[Extracted data entries]

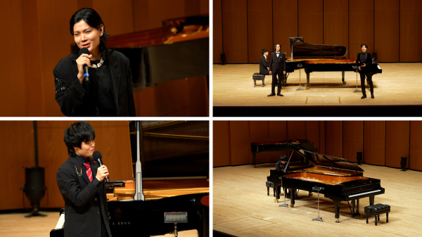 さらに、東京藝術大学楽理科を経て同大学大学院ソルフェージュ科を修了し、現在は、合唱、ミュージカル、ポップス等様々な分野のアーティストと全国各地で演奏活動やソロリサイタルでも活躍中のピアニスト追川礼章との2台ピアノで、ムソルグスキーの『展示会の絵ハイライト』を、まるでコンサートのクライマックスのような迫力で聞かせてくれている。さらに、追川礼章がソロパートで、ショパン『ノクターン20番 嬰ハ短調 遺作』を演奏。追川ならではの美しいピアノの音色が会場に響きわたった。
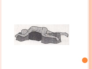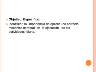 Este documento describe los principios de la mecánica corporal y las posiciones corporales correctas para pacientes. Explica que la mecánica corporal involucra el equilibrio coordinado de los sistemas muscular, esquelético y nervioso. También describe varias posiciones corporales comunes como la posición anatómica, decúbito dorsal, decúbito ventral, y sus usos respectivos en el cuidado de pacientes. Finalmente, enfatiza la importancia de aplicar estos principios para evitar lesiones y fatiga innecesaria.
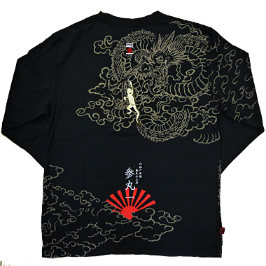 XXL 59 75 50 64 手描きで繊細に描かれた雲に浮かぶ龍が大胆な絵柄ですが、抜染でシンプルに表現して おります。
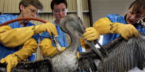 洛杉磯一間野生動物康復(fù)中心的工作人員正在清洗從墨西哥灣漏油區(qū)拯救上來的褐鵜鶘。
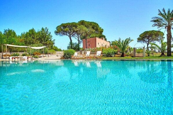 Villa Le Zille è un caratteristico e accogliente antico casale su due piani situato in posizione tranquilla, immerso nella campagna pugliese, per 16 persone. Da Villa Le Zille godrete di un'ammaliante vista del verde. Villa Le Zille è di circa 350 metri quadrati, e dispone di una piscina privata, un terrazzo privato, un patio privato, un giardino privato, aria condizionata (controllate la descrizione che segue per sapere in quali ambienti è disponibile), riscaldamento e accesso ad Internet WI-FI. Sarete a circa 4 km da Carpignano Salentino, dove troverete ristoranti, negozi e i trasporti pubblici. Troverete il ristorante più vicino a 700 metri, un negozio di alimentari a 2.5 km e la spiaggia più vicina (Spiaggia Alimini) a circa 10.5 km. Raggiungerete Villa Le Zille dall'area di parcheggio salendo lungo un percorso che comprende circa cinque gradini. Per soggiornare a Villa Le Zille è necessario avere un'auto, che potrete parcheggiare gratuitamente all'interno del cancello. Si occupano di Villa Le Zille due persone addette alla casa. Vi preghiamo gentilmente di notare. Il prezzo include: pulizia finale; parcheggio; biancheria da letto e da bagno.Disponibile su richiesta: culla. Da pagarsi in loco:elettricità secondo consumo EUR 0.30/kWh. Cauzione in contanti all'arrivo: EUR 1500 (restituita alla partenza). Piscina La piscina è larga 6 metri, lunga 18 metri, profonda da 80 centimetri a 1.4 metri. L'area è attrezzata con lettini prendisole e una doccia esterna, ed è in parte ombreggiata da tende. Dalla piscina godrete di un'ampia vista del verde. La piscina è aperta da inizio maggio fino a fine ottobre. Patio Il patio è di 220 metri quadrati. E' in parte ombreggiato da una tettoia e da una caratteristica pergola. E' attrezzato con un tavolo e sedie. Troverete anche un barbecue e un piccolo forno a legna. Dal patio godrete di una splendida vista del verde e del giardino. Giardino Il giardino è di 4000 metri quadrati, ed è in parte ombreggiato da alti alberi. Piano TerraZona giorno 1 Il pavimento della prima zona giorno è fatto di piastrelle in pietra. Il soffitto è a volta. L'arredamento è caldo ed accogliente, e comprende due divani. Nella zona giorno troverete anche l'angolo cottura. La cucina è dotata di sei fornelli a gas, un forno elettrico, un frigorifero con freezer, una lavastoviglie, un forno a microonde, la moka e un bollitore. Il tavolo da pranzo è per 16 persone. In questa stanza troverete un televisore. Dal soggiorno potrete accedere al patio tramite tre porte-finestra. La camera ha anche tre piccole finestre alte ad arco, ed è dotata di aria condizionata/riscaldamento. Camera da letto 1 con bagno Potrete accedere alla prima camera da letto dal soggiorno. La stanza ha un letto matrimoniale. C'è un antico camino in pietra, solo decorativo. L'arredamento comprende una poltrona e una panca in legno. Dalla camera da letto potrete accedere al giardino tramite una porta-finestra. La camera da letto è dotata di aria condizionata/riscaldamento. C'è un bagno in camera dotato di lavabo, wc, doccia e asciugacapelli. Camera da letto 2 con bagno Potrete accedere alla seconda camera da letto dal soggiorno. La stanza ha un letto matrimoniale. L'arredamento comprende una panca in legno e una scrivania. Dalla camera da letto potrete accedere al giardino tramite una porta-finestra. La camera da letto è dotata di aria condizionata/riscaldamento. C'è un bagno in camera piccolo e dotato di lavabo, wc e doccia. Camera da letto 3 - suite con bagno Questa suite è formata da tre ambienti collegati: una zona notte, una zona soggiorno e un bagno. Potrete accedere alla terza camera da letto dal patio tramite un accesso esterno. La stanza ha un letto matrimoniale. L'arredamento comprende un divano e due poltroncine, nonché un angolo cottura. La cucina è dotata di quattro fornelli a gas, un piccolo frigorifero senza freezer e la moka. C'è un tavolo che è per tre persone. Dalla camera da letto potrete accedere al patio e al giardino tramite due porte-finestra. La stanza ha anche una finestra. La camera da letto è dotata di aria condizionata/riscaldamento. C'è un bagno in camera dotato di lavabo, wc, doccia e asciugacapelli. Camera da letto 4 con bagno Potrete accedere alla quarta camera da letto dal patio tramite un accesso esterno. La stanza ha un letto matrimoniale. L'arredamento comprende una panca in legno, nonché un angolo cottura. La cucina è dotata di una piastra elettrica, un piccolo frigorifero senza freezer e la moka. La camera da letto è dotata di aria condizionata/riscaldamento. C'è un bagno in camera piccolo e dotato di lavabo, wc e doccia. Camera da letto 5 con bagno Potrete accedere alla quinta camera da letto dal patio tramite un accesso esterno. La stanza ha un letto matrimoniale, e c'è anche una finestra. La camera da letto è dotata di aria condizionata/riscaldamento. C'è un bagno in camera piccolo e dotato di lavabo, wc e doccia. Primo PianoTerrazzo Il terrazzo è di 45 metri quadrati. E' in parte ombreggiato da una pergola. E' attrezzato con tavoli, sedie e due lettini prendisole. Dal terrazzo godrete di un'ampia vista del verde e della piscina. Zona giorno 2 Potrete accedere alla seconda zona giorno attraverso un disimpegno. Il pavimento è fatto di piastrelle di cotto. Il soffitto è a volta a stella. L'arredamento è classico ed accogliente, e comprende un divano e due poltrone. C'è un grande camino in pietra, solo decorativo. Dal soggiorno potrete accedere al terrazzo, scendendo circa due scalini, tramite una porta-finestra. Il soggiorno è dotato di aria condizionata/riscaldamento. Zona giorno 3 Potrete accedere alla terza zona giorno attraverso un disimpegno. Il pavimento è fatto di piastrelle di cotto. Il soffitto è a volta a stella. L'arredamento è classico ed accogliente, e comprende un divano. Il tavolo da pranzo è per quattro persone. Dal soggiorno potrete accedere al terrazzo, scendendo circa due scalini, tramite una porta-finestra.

• [Work to be completed] From the records above, extract the lines from the one holding "XXL 59 75 50" through the one holding "洛杉磯一間野生動物康復(fù", word for word; omit the pictures.

• [Answer box]
 XXL 59 75 50 64 手描きで繊細に描かれた雲に浮かぶ龍が大胆な絵柄ですが、抜染でシンプルに表現して おります。
 洛杉磯一間野生動物康復(fù)中心的工作人員正在清洗從墨西哥灣漏油區(qū)拯救上來的褐鵜鶘。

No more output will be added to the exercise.